Una credenza comune è che obiettivi grandangolari abbiano una maggiore profondità di campo dei teleobiettivi, in realtà, a patto di inquadrare il soggetto in modo che occupi la stessa superficie di inquadratura la profondità di campo non varia; la variabile che permette questa compensazione è la distanza dal soggetto, passando da un grandangolo ad un tele, per poter inquadrare nella stessa maniera bisogna infatti allontanarsi dal soggetto.

Utilizzando un diaframma aperto si ottiene un foro del diametro equivalente pari alla lunghezza focale/valore f, maggiore è il diametro del foro equivalente, maggiore sarà la luce che potrà passare e di conseguenza, per esporre correttamente si userà un tempo breve; questo fa si che solo il piano di messa a fuoco sarà impressionato in modo nitido mentre gli altri piani non avranno il tempo di fissarsi sul sensore e definire tutti i propri dettagli, il che si traduce nella sfocatura.

Utilizzando un diaframma chiuso, il foro equivalente diminuisce il proprio diametro e fa passare meno luce, per esporre correttamente bisognerà usare tempi più lunghi; a questo punto sia il piano di messa a fuoco che i piani limitrofi avranno il tempo di impressionare il sensore arricchendolo dei dettagli che li caratterizzano, il campo di nitidezza aumenta, si dice che diventa più profondo.

L'uso consapevole della profondità di campo permette di includere od escludere uno o più elementi dall'inquadratura, pilotando l'attenzione dell'osservatore:


Le finestre di una casa riflesse nel vetro ricurvo di un’automobile parcheggiata davanti all’edificio, appaiono distorte all’interno del triangolo formato dal parabrezza stesso. La forma triangolare non si percepisce immediatamente, ma è la struttura in cui sono organizzati tutti gli elementi, come la ripetizione di linee e rettangoli e le bande di luce e ombra. Lo schema triangolare compare spesso in scene con linee parallele che sembrano incontrarsi, come nei margini di una strada o le rotaie di una linea ferroviaria che con ‘allontanarsi dell’orizzonte sembrano stringersi. Questo è un modo per comunicare efficacemente il senso di profondità e distanza in un’immagine.

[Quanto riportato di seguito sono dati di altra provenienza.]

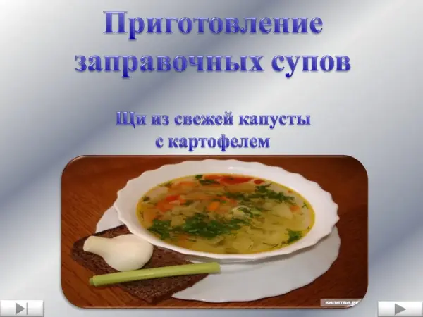 Урок закрепляет процесс приготовления щей из свежей капусты, правила подачи и т. д.
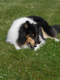Keywords: collie tricolor three coloured dog purebred dog animal furry playful animal portrait pet garden eat summer concerns wildlife photography
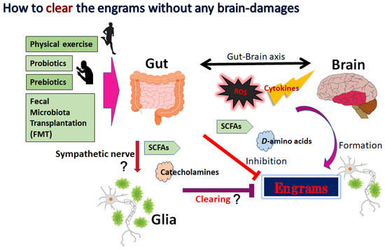 Some engrams could potentially trigger and/or exacerbate the conditions of neurodegenerative disorders [50]. Therefore, clearing the bad memory of “engrams” might be favorable for the prevention and/or treatment of neurodegenerative disorders. In the experiment of dextran sulfate sodium-induced colitis, the authors applied the chemo-genetic procedure of the designer receptor exclusively activated by designer drugs (DREADD) system for the inhibition of engram activity [37]. However, it seems to be impossible to currently use this system in the clinical treatment of humans. Now, is it possible to clear the memory of engrams without neuronal cell death and/or any brain damage? This is the point for therapeutic interventions. In one possible way, synaptic removal could be achieved by microglia capable of initiating the oblivion of memories with engram cells [51]. It is considered that microglia can make synapse elimination a mechanism for forgetting memory retentions [51]. In addition, it has been reported that microglia are related to synapse density, learning, and/or memory [52]. There are significant associations between gut microbiota and demyelination by the microglia in the brain, suggesting that the crosstalk of gut-microbiota and brain-microglia might play a key role for the clearance of engrams [53]. It has been shown that regulation of the microbiota might be connected to the possible therapies of neurodegenerative disorders [54]. A gut–brain axis indicates a bidirectional connection between gut microbiota and brain, which is a vital assembly in the pathophysiology of several neurodegenerative disorders [55]. This concept might include the associations between gut microbiota and more broad CNS disorders. For example, it has been shown that the composition of gut microbiota might be associated with narcolepsy type 1 [56]. Changes in the conformation of gut microbiota may be accepted by the sympathetic vagal afferent nerve transmitting to the CNS via the microglial action, which in turn could produce and/or modulate the responses of engrams. Studies have proven that some species of bacteria could produce catecholamines and/or acetylcholine, which might contribute to the responses of the sympathetic nerve [57]. Some of vagal neurons in the sympathetic pathway usually have an afferent role for the microbiota-mediated adjustment of brain [58]. Convincing evidence has demonstrated the roles of gut microbiota in the pathogenesis of Alzheimer’s disease and/or Parkinson’s disease, which are partly mediated by modified microglial activity in the brain [59]. In fact, microglial dysfunction has been detected in a variety of neurodegenerative disorders including Alzheimer’s disease, Parkinson’s disease and/or ALS [59]. Possibly, the gut-microbiota–glia-brain–immune axis might be influenced by the production of inflammatory cytokines and/or by the reduction of favorable substances such as short-chain fatty acids (SCFAs), modifying the regulation of the sympathetic afferent nerve and glial cells [60]. For example, butyric acid, a key SCFA, might be connected with a favorable response in the treatment of schizophrenia, suggesting an important role in the gut microbiota–brain axis [61]. SCFAs can cross the blood–brain barrier (BBB) and could interact with microglia to regulate their functions [62]. Gut microbiota could also communicate with the brain through intricate communication systems, which incorporate the intestinal function with the cognitive and/or emotional brain via the neuro-immuno-endocrine mediators [63]. At least, some of the potential effectors in the gut could actually stimulate the sympathetic nerve pathway [58]. It has been demonstrated by reproducible and translatable findings that the efficacy of intervention could be achieved with microbial-derived metabolites for modulating the disease progression in ALS [64]. In addition, the impact of gut microbiota on brain function might be also related to brain cognition and/or perception. Therefore, several brain inflammations and/or neurodegeneration in the brain might be related to the action of the gut–brain axis [65], in which the immunity-linked processes might be associated with the neuronal responses to memory engrams [66]. Furthermore, there might be wide-ranging reciprocal connections between gut microbiota and immune-inflammatory responses with engrams, which have a critical significance in the function of the healthy brain and in the pathogenesis of various neurodegenerative disorders [67].
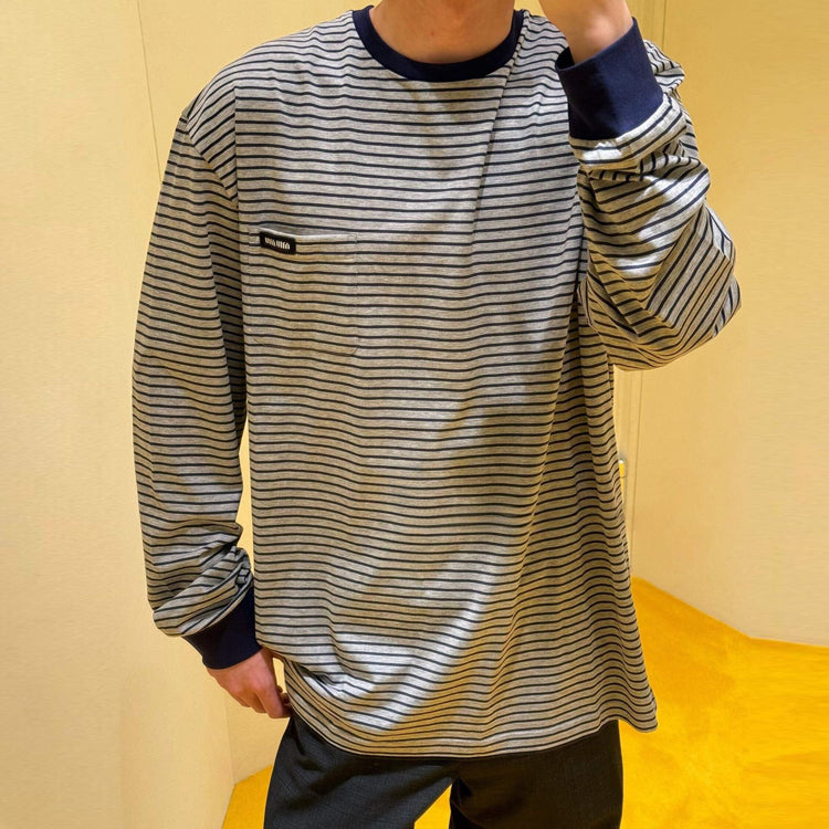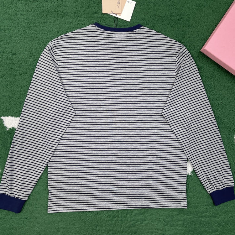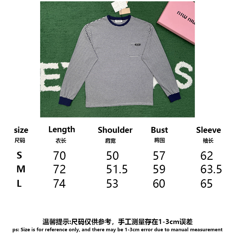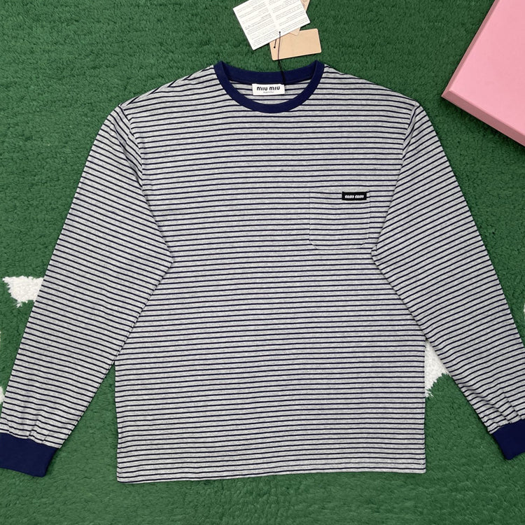 Miumiu Atheneum pop-up series solid color striped round neck long sleeved T-shirt
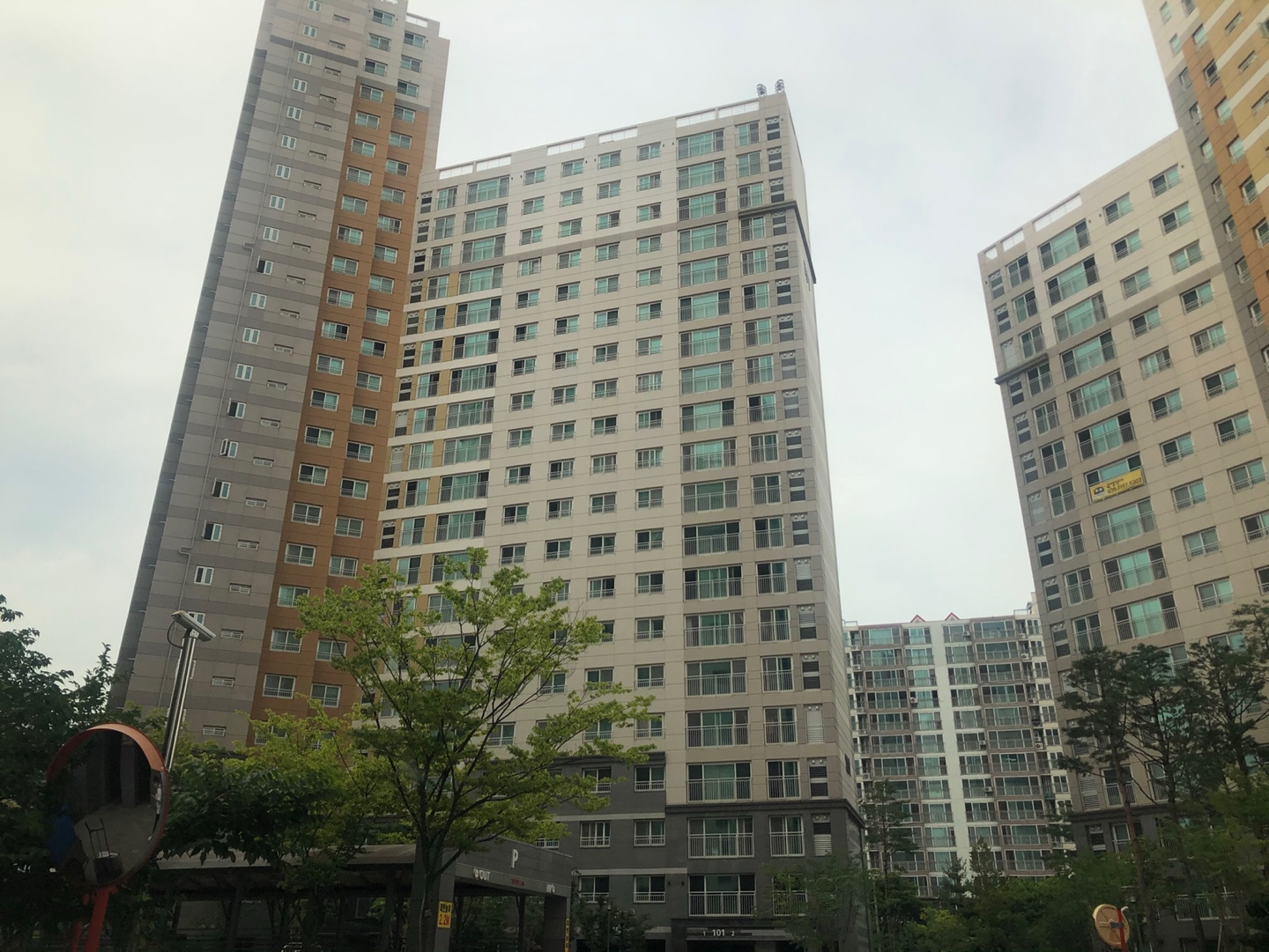 신축인데도 아파트 내에 차가 다니는 곳은 많았다 ( 100프로 지하주차장 아님 )
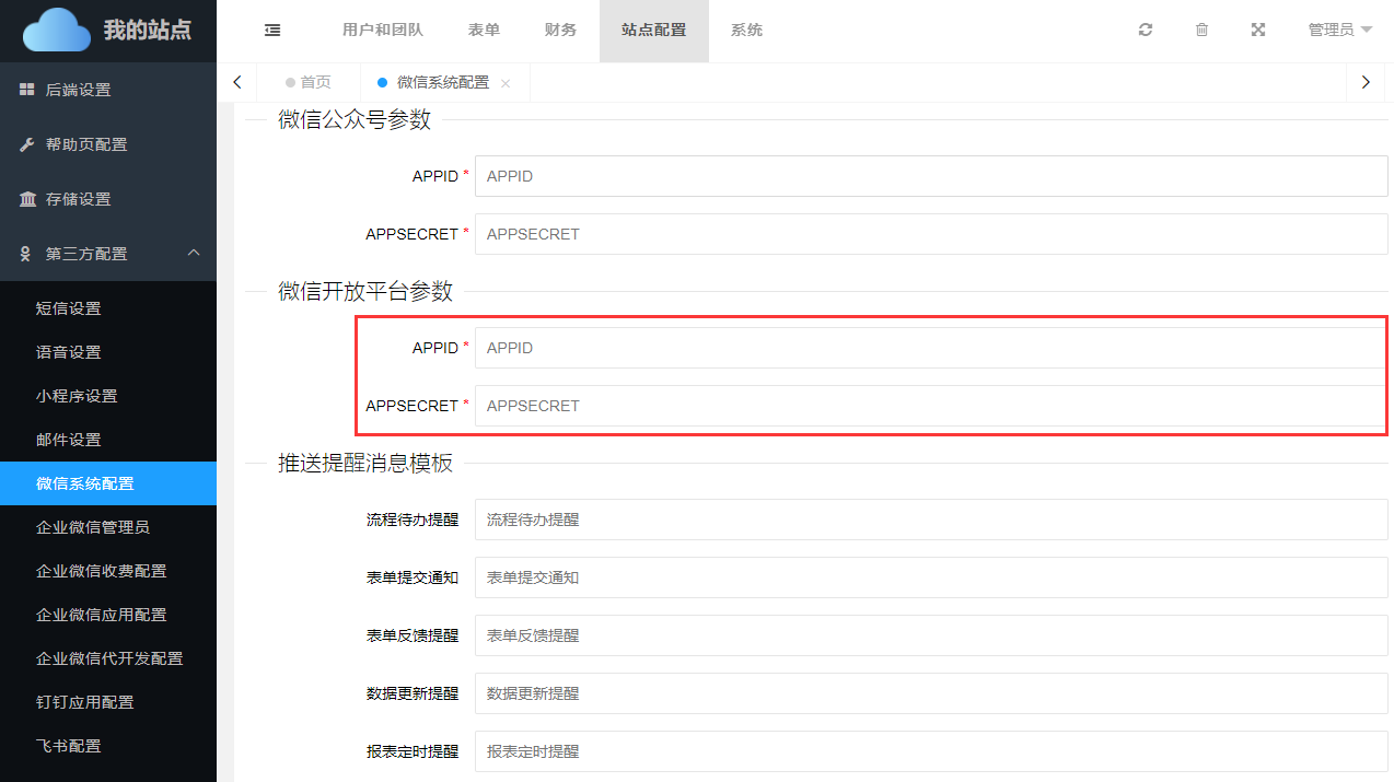 填写方式:进入管理后台后,在站点配置->第三方配置->微信系统配置中 填写到微信开放平台参数中。
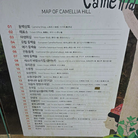 10월 6일에 갔는데 꽃이 하나도 없었어요. 동백꽃은 12월부터 2월까지 피니까 지금 걸어도 돼요. 투어 버스는 관광객으로 가득 차 있었어요. 투어 가이드는 꽃이 없는 걸 모르는 걸까요?
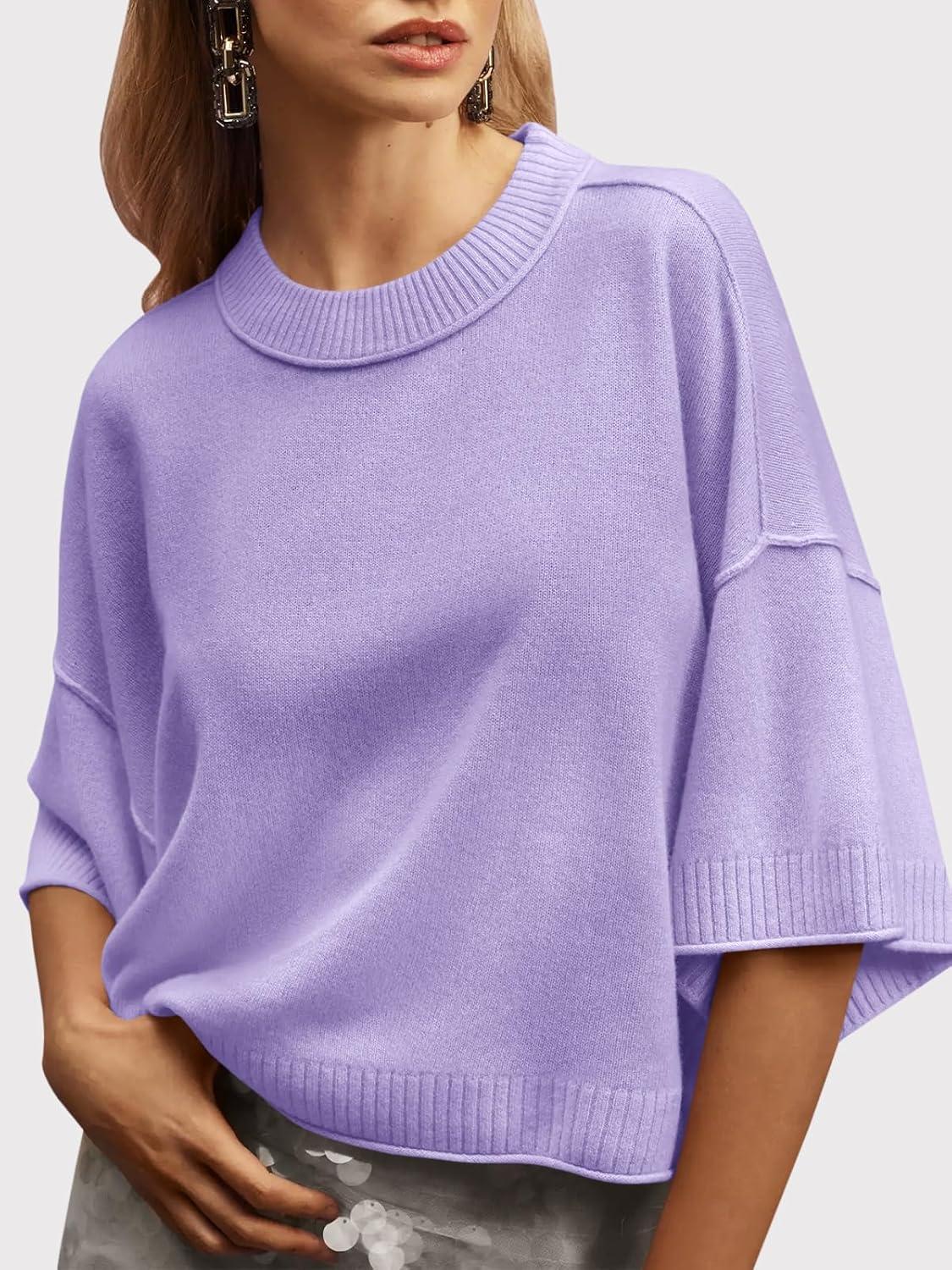 Saodimallsu Womens Short Sleeve Sweater Summer Oversized Cropped Sweaters Casual Crewneck Lightweight Knit Tops(Purple)

Nelle due riprese dell'etna viene esemplificato come la stessa coppia tempo-diaframma possa concentrare l'attenzione dell'osservatore sulla texture del primo piano oppure renderla la cornice del secondo piano; questo si ottiene con una bassa profondità di campo ed attraverso la scelta dell'opportuno punto di messa a fuoco.Una buona linea guida è quella di utilizzare diaframmi aperti nella fotografia di ritratto e diaframmi chiusi in quella paesaggistica: la scelta è dettata dal fatto che nel ritratto si vuole concentrare l'attenzione sulla persona escludendo il contorno, lo sfondo.







Nella fotografia di paesaggio al contrario si vuole la massima nitidezza, più dettagli possibili, la maggiore profondità di campo che si ha a disposizione. Altri campi in cui è necessario valutare bene la profondità di campo sono sicuramente la macrofotografia e la fotografia naturalistica: nel primo caso le piccole distanze di messa a fuoco obbligano al corretto posizionamento della fotocamera rispetto al soggetto ed il rischio di ottenerne delle parti fuori fuoco deve far riflettere sull'utilizzo della massima apertura come una situazione critica da gestire con molta attenzione; nel secondo caso l'uso di teleobbiettivi molto spinti aumenta la percezione dello sfuocato e di conseguenza bisognerà cercare di diaframmare almeno da f-8 in su in maniera da ottenere tutte le parti del soggetto correttamente a fuoco.